Your copy of the data below must be exact and must leave out all pictures.

————————

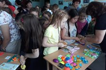 Сегодня в пришкольном лагере "Кояшкай" функционировало кафе, где все ребята могли обналичить свои полученные "золотые" (лагерные деньги) на канцтовары и различные принадлежности для творчества
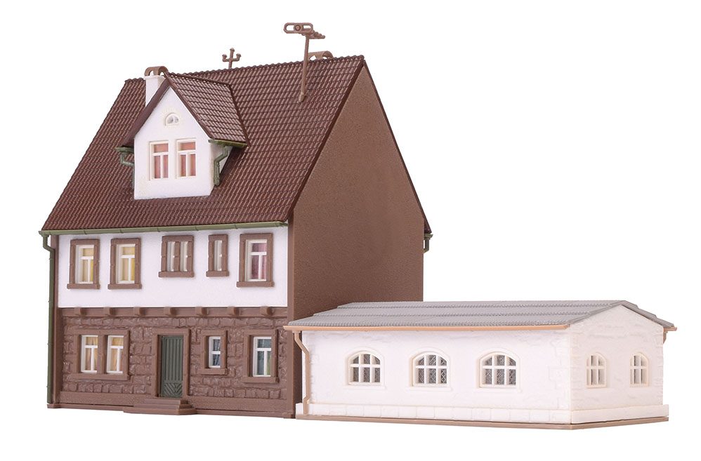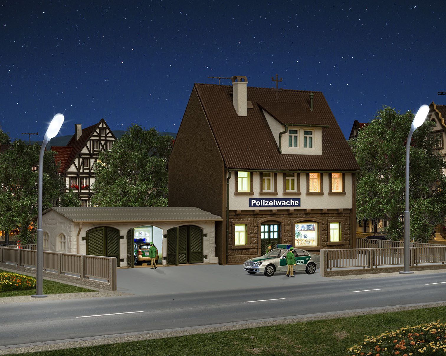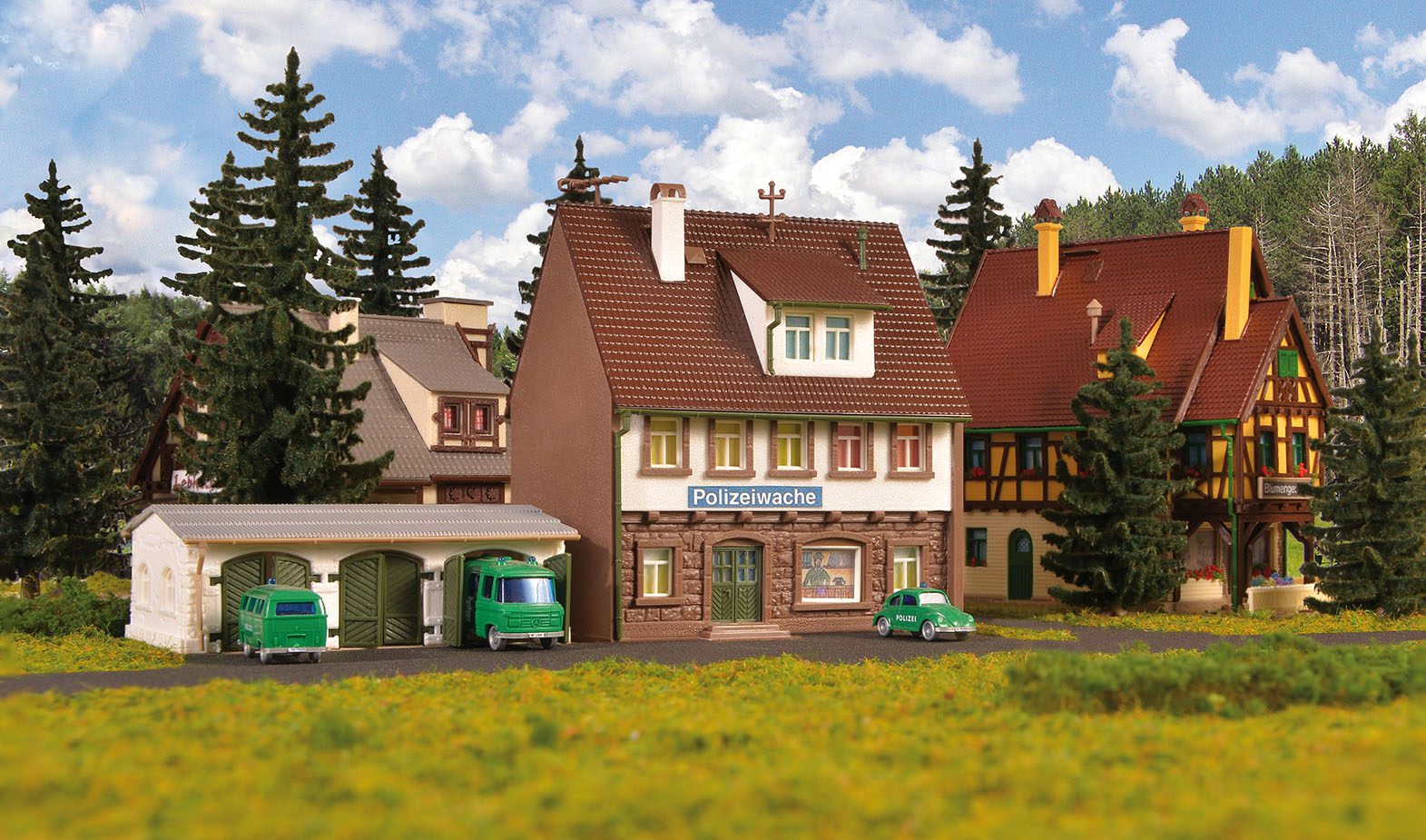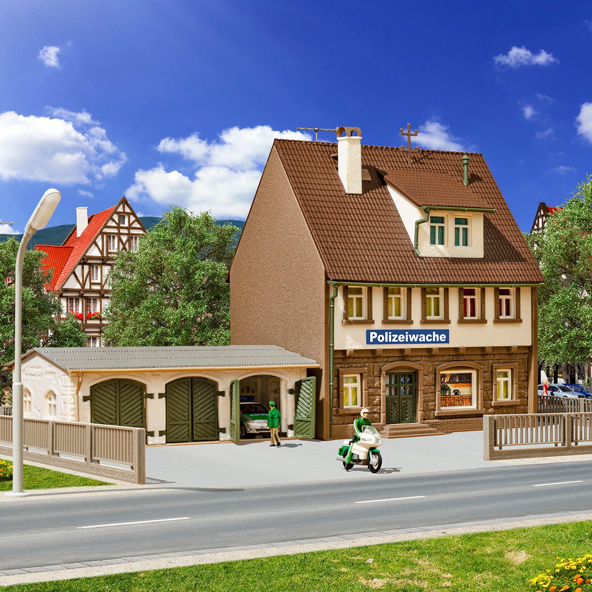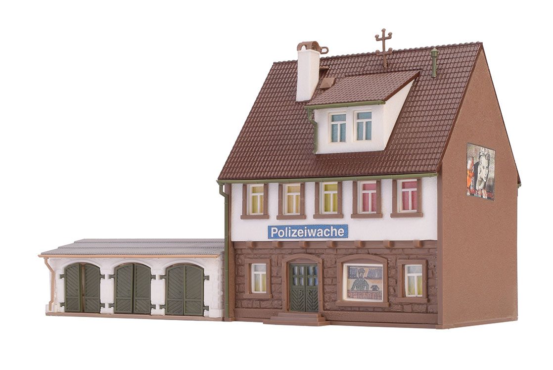 The police station is located in this two storeyed building in a provincial town. The garage annexe offers parking space for 3 fire brigade vehicles. Dimensions police station: L 8 x W 6,4 x H 9,3 cm. Garage: L 7,5 x W 6,2 x H 2,7 cm.
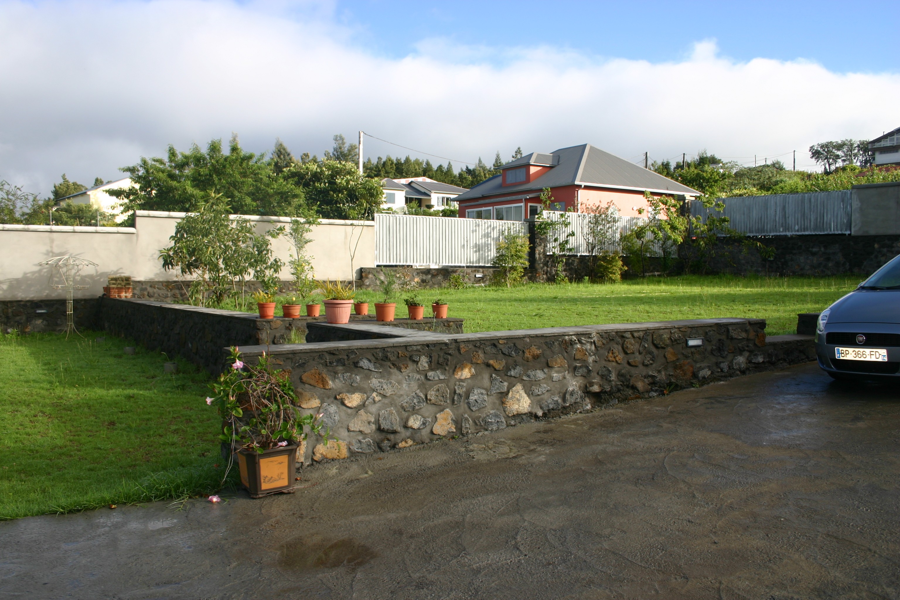 Les relevés des cotes (indicatives) sur place montrent une différence conséquente avec le plan cadastral. Le calcul des surfaces perméables a été effectué en fonction des dimensions relevées sur place. Du fait de la pente régulière du terrain, il a été prévu un soubassement en moellons « en escalier » sous l’ensemble des clôtures. Ensuite, des parties pleines (mur parpaings) ont été judicieusement réparties pour préserver une certaine intimité des propriétaires. Le reste des clôtures est réalisé avec une grille d’environ 140cm de haut et entièrement ajourée, de couleur claire (blanche, grise ou jaune, en rappel avec la villa). Portail et portillon seront de teinte similaire.
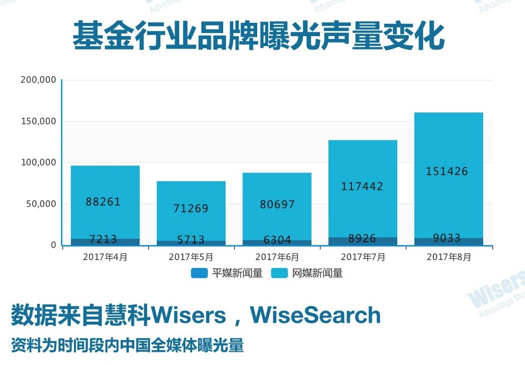 2017年8月,慧科訊業全媒體大數據平臺監測到基金行業新聞曝光總量為160,459篇,傳播態勢繼續上揚,近五個月的數據對比如下:
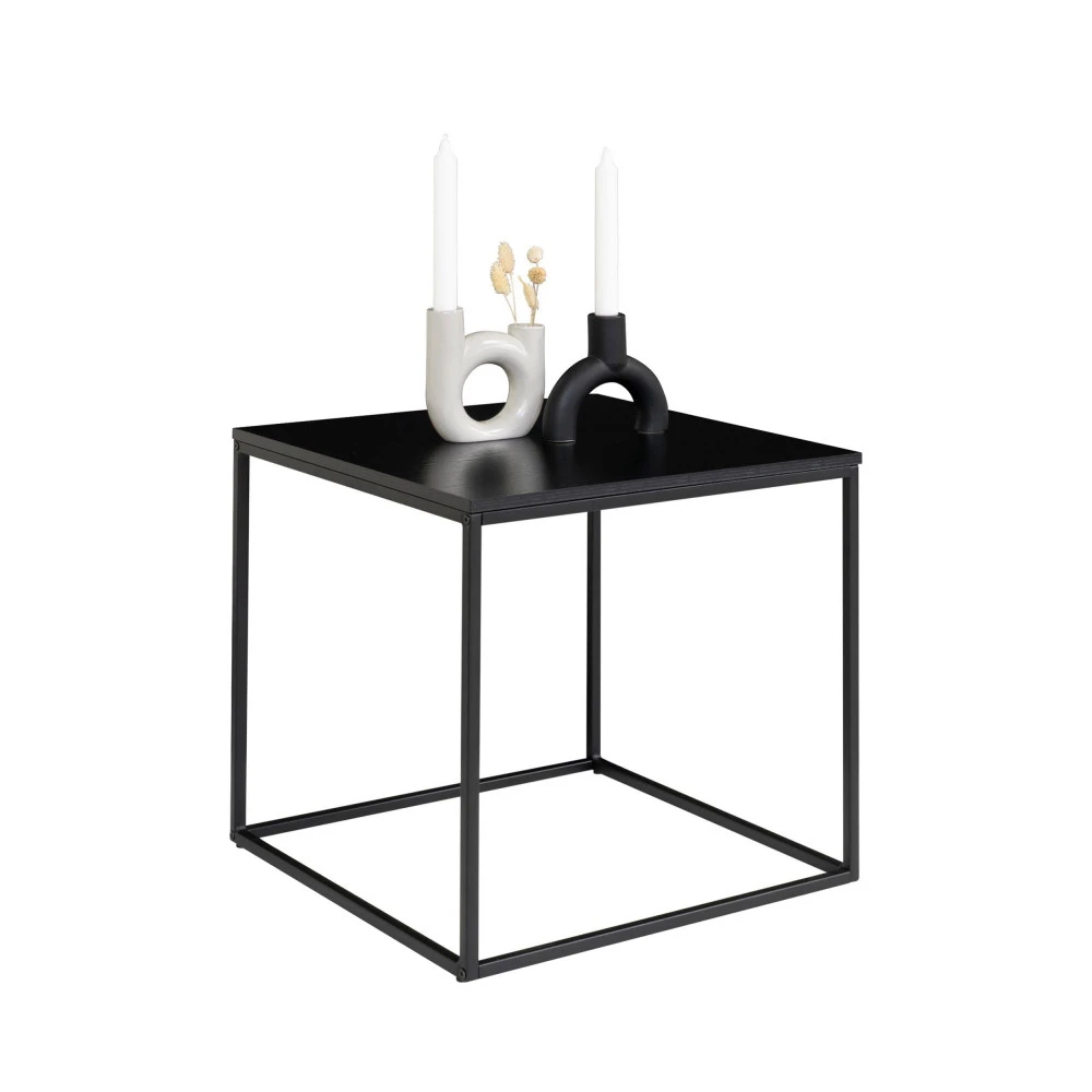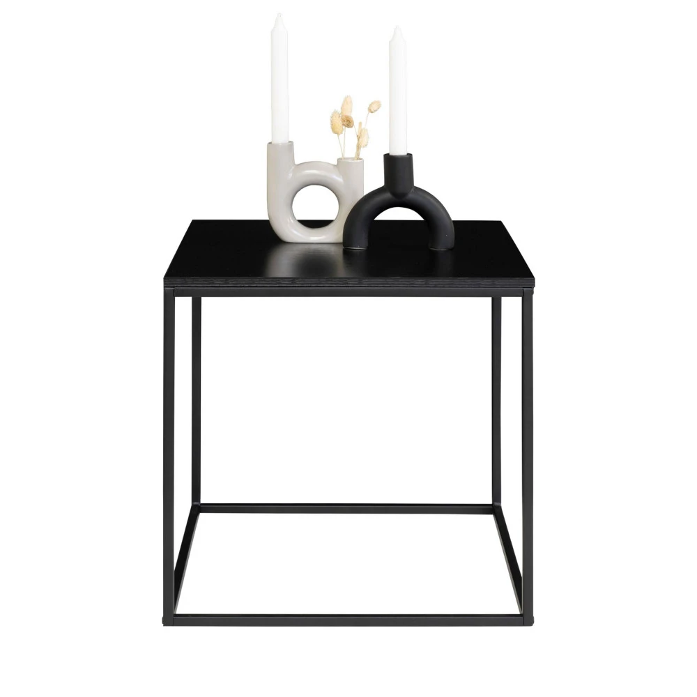 Ce bout de canapé bi-matière de forme carrée se compose d’un plateau de 45 x 45 cm en bois teinte naturelle ou noir avec des pieds plutôt fins en métal noir, reliés à la base en carré. Il mesure 45 cm également en hauteur. Comme un cube ajouré, ce petit meuble au design épuré plaira à coup sûr aux amateurs de mobilier contemporain ! Quel que soit le coloris choisi, il s’accordera facilement à votre canapé, vos fauteuils et votre décoration.
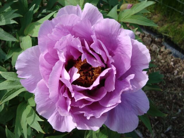 Древовидный пион Kamata Nishiki имеет сиреневые лепестки с прожилками белого. Очень крупные, полумахровые. Красивые цветы, очень контрастные. Взрослые растения имеют 4-5 футов высотой, 3-5 метров в ширину.
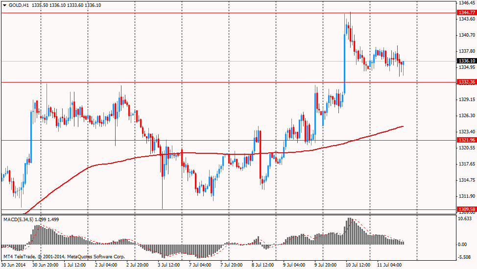 Стоимость августовского фьючерса на золото на COMEX сегодня снизилась до $1336.10 за унцию (-0,18%).
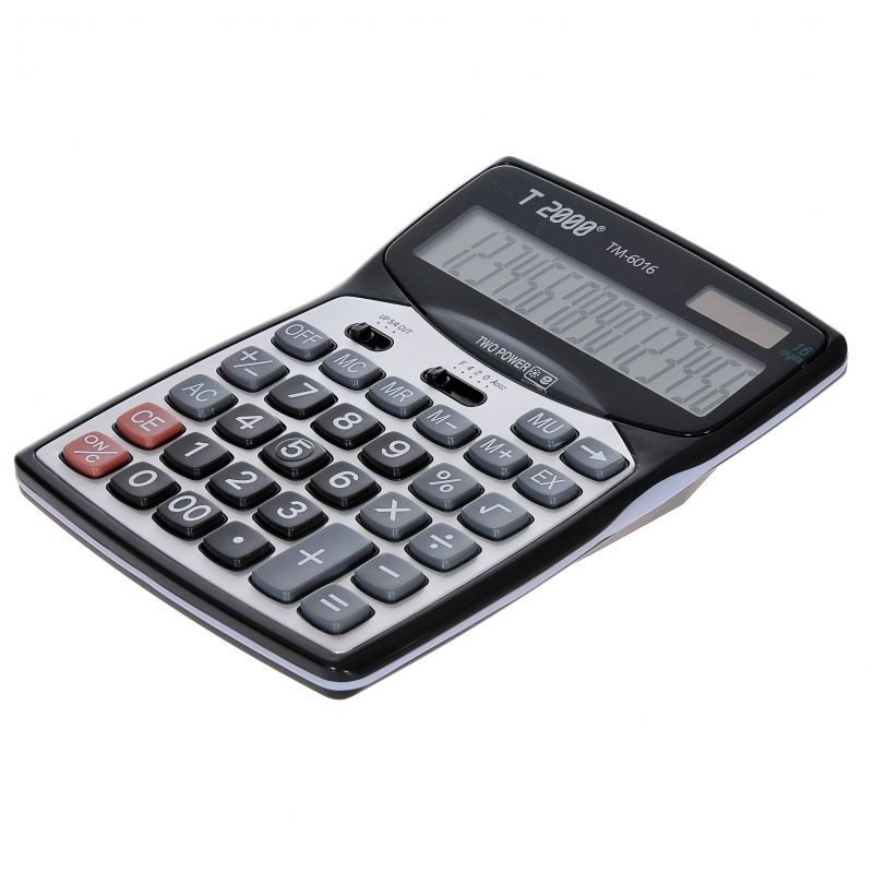 Calculator 16 dig.cu operatii complete, design modern, display mare, carcasa argintiu cu negru, T2000
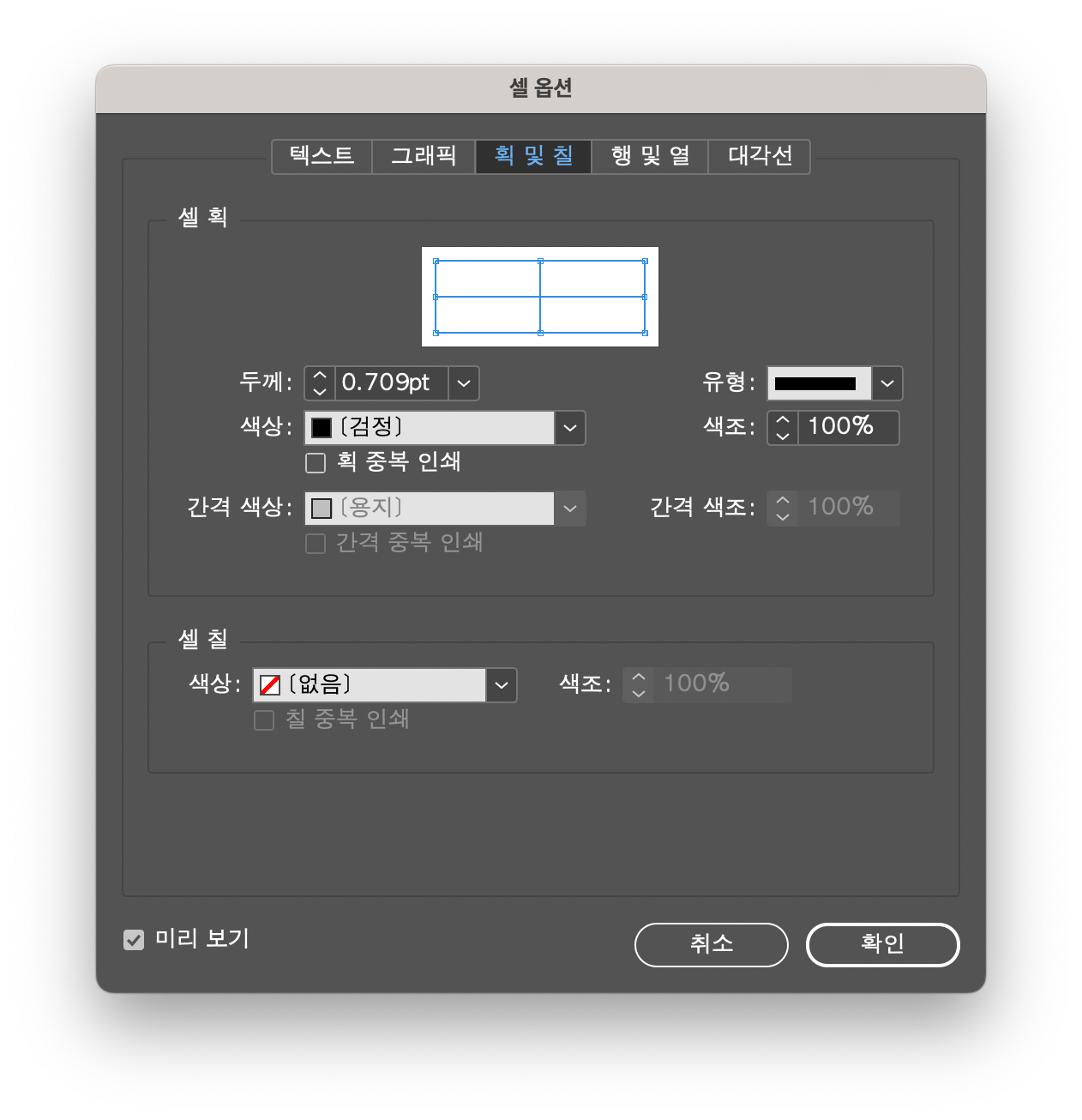 내부의 획은 셀 옵션에서 조정을 해준다고 한다.
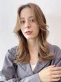 外ハネワンカール_34mmのコテで外ハネにし顔周りはリバースで。【「ブックマークする」ボタンを押して、ご来店時ご提示ください】パープルカラー,オレンジカラー,ミルキーベージュ,3Dカラー,抜け感,艶カラー,透け感,ココアベージュ,ツヤ髪,ホワイトカラー
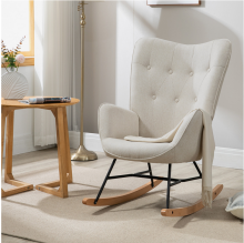 Fauteuil à bascule allaitement scandinave chaise loisir et repos en tissu avec pieds en e' bois métal pour salon, chambre, beige
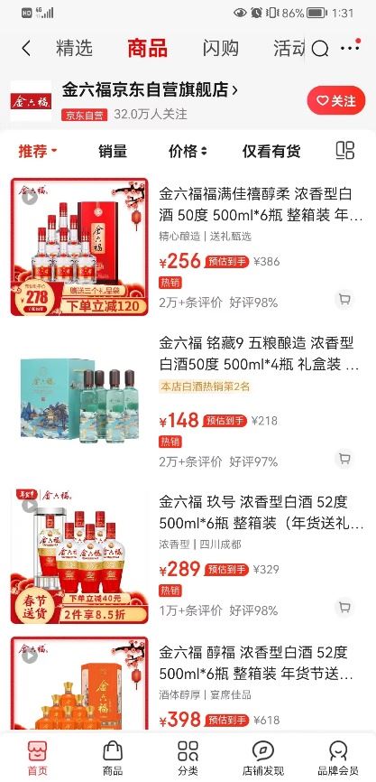 而伴随着餐饮消费需求的增长,白酒也收获颇丰。根据叮咚买菜数据显示,今年年货节期间,平台上白酒销量同比提升近180%,白酒热再次席卷春节。截止1月29日,京东平台上金六福酒、文君酒等自营旗舰店均有不俗销量和好评表现。
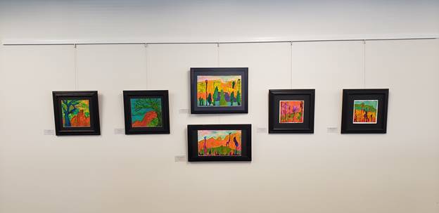 Rumriver Art Center has art on display at Allina’s Customer Experience Center in Coon Rapids, MN (8880 Evergreen Blvd, Coon Rapids, MN 55433). The current gallery show features the art of Larry Weinberg. He has a variety of fluid acrylic paintings on display. Check out some of his work below!
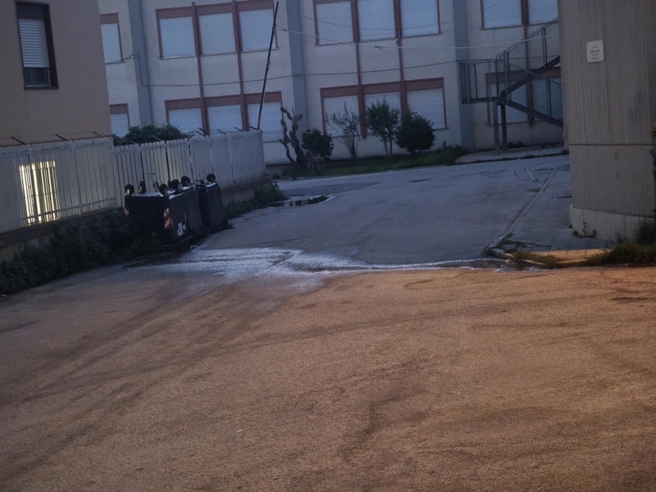 A peggiorare il quadro, una seconda perdita di acque nere si è verificata a circa 20 metri dalla scuola media Anna Frank, con la fuoriuscita di liquami che si estendono lungo via Matteo Cimarra, interessando l’area circostante e aggravando una situazione già critica.
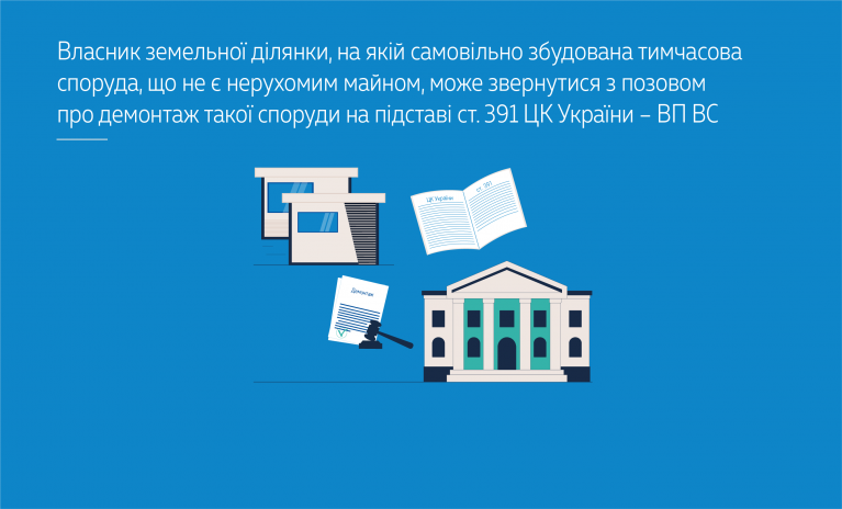 За результатами розгляду справи Велика Палата ВС погодилася з висновками місцевого суду про те, що нежитлові приміщення є тимчасовими спорудами, які не відносяться до нерухомого майна.

————————

• Your solution:
 Сегодня в пришкольном лагере "Кояшкай" функционировало кафе, где все ребята могли обналичить свои полученные "золотые" (лагерные деньги) на канцтовары и различные принадлежности для творчества
 The police station is located in this two storeyed building in a provincial town. The garage annexe offers parking space for 3 fire brigade vehicles. Dimensions police station: L 8 x W 6,4 x H 9,3 cm. Garage: L 7,5 x W 6,2 x H 2,7 cm.
 Les relevés des cotes (indicatives) sur place montrent une différence conséquente avec le plan cadastral. Le calcul des surfaces perméables a été effectué en fonction des dimensions relevées sur place. Du fait de la pente régulière du terrain, il a été prévu un soubassement en moellons « en escalier » sous l’ensemble des clôtures. Ensuite, des parties pleines (mur parpaings) ont été judicieusement réparties pour préserver une certaine intimité des propriétaires. Le reste des clôtures est réalisé avec une grille d’environ 140cm de haut et entièrement ajourée, de couleur claire (blanche, grise ou jaune, en rappel avec la villa). Portail et portillon seront de teinte similaire.
 2017年8月,慧科訊業全媒體大數據平臺監測到基金行業新聞曝光總量為160,459篇,傳播態勢繼續上揚,近五個月的數據對比如下:
 Ce bout de canapé bi-matière de forme carrée se compose d’un plateau de 45 x 45 cm en bois teinte naturelle ou noir avec des pieds plutôt fins en métal noir, reliés à la base en carré. Il mesure 45 cm également en hauteur. Comme un cube ajouré, ce petit meuble au design épuré plaira à coup sûr aux amateurs de mobilier contemporain ! Quel que soit le coloris choisi, il s’accordera facilement à votre canapé, vos fauteuils et votre décoration.
 Древовидный пион Kamata Nishiki имеет сиреневые лепестки с прожилками белого. Очень крупные, полумахровые. Красивые цветы, очень контрастные. Взрослые растения имеют 4-5 футов высотой, 3-5 метров в ширину.
 Стоимость августовского фьючерса на золото на COMEX сегодня снизилась до $1336.10 за унцию (-0,18%).
 Calculator 16 dig.cu operatii complete, design modern, display mare, carcasa argintiu cu negru, T2000
 내부의 획은 셀 옵션에서 조정을 해준다고 한다.
 外ハネワンカール_34mmのコテで外ハネにし顔周りはリバースで。【「ブックマークする」ボタンを押して、ご来店時ご提示ください】パープルカラー,オレンジカラー,ミルキーベージュ,3Dカラー,抜け感,艶カラー,透け感,ココアベージュ,ツヤ髪,ホワイトカラー
 Fauteuil à bascule allaitement scandinave chaise loisir et repos en tissu avec pieds en e' bois métal pour salon, chambre, beige
 而伴随着餐饮消费需求的增长,白酒也收获颇丰。根据叮咚买菜数据显示,今年年货节期间,平台上白酒销量同比提升近180%,白酒热再次席卷春节。截止1月29日,京东平台上金六福酒、文君酒等自营旗舰店均有不俗销量和好评表现。
 Rumriver Art Center has art on display at Allina’s Customer Experience Center in Coon Rapids, MN (8880 Evergreen Blvd, Coon Rapids, MN 55433). The current gallery show features the art of Larry Weinberg. He has a variety of fluid acrylic paintings on display. Check out some of his work below!
 A peggiorare il quadro, una seconda perdita di acque nere si è verificata a circa 20 metri dalla scuola media Anna Frank, con la fuoriuscita di liquami che si estendono lungo via Matteo Cimarra, interessando l’area circostante e aggravando una situazione già critica.
 За результатами розгляду справи Велика Палата ВС погодилася з висновками місцевого суду про те, що нежитлові приміщення є тимчасовими спорудами, які не відносяться до нерухомого майна.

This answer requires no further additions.